DIRECTIONS:
No pictures go into the copy. Write out every line below exactly.

BEGIN DATASET CONTENT

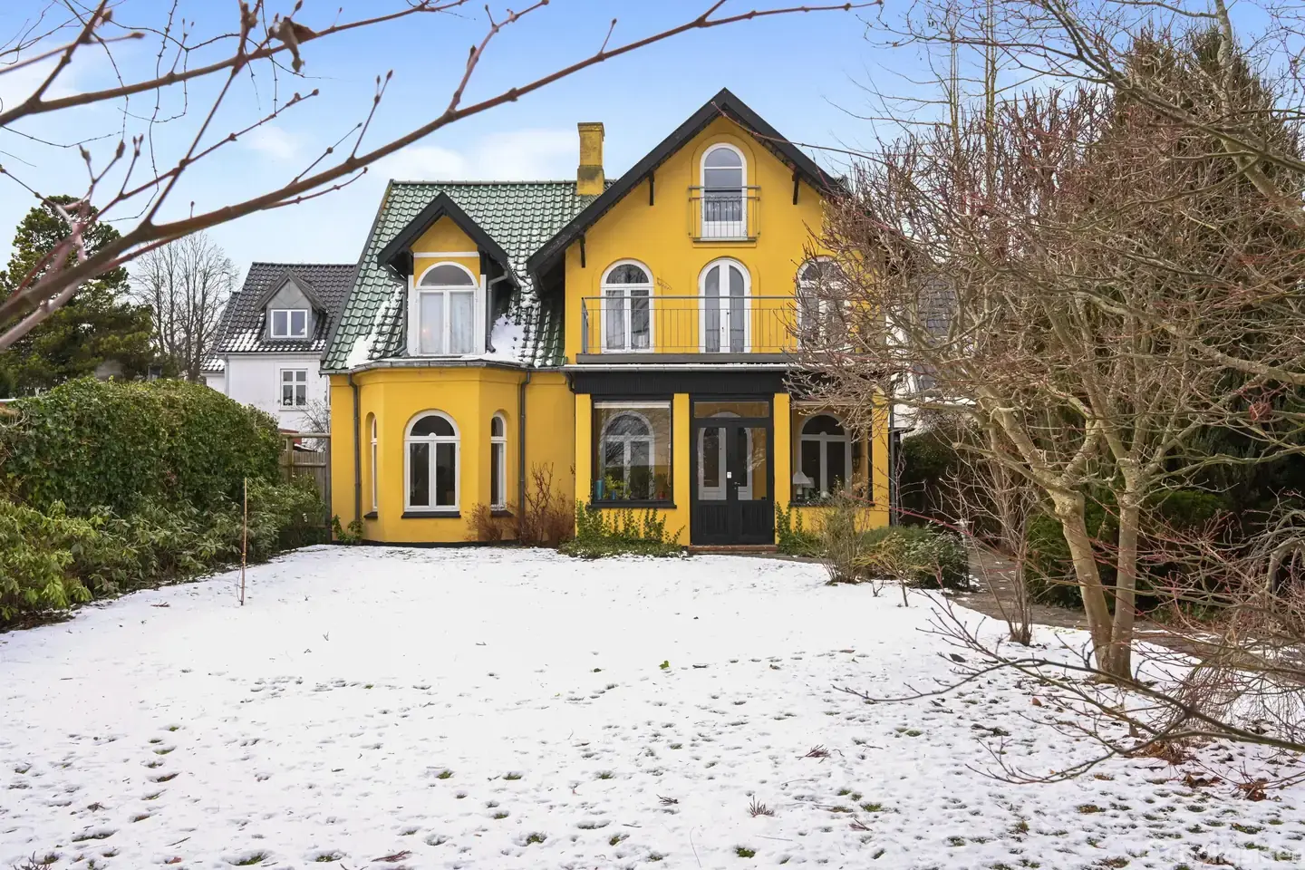 Taarbæk-villa med udsigt til Øresund Markant patriciervilla med victoriansk strejf – tilbagetrukket beliggenhed med udsigt til ØresundSmuk og karakterfuld patriciervilla med victoriansk præg og elegante, buede vinduer. Ejendommen er beliggende tilbagetrukket fra Strandvejen og byder på gode parkeringsforhold på egen grund.Villaen fremstår med pudsede facader, tegltag fra 2009 samt renoverede og delvist udskiftede vinduer og træværk i perioden 2009–2014.Stueplan indeholder vindfang/entré med ska
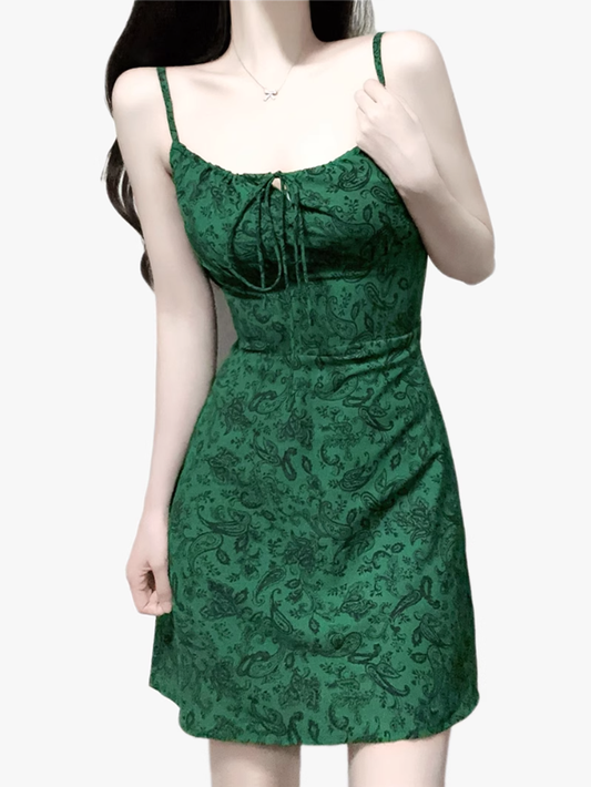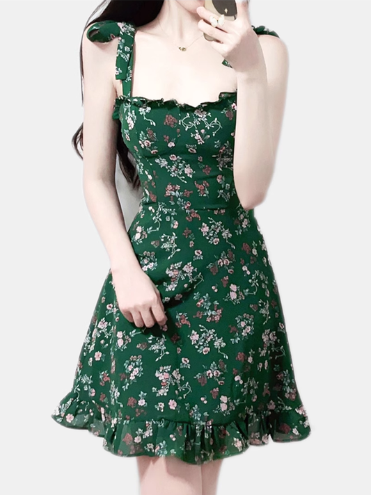 2025 Summer New Retro Sexy Floral Green A-line Short Suspender Dress R0934
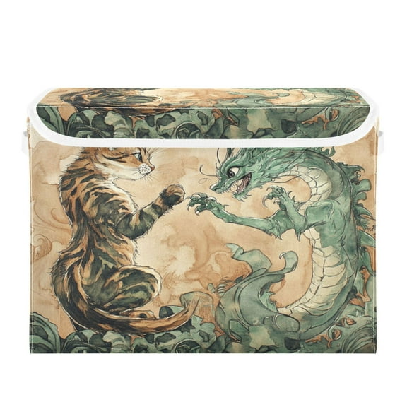 current price $21.19WOBOGO Lynx and Dragon Painting Large Collapsible Storage Box Flip Lid Fabric Decorative Organizer Container Basket with Handles 16.512.611.8in

END DATASET CONTENT

THE COMPLETED TASK:
 Taarbæk-villa med udsigt til Øresund Markant patriciervilla med victoriansk strejf – tilbagetrukket beliggenhed med udsigt til ØresundSmuk og karakterfuld patriciervilla med victoriansk præg og elegante, buede vinduer. Ejendommen er beliggende tilbagetrukket fra Strandvejen og byder på gode parkeringsforhold på egen grund.Villaen fremstår med pudsede facader, tegltag fra 2009 samt renoverede og delvist udskiftede vinduer og træværk i perioden 2009–2014.Stueplan indeholder vindfang/entré med ska
 2025 Summer New Retro Sexy Floral Green A-line Short Suspender Dress R0934
 current price $21.19WOBOGO Lynx and Dragon Painting Large Collapsible Storage Box Flip Lid Fabric Decorative Organizer Container Basket with Handles 16.512.611.8in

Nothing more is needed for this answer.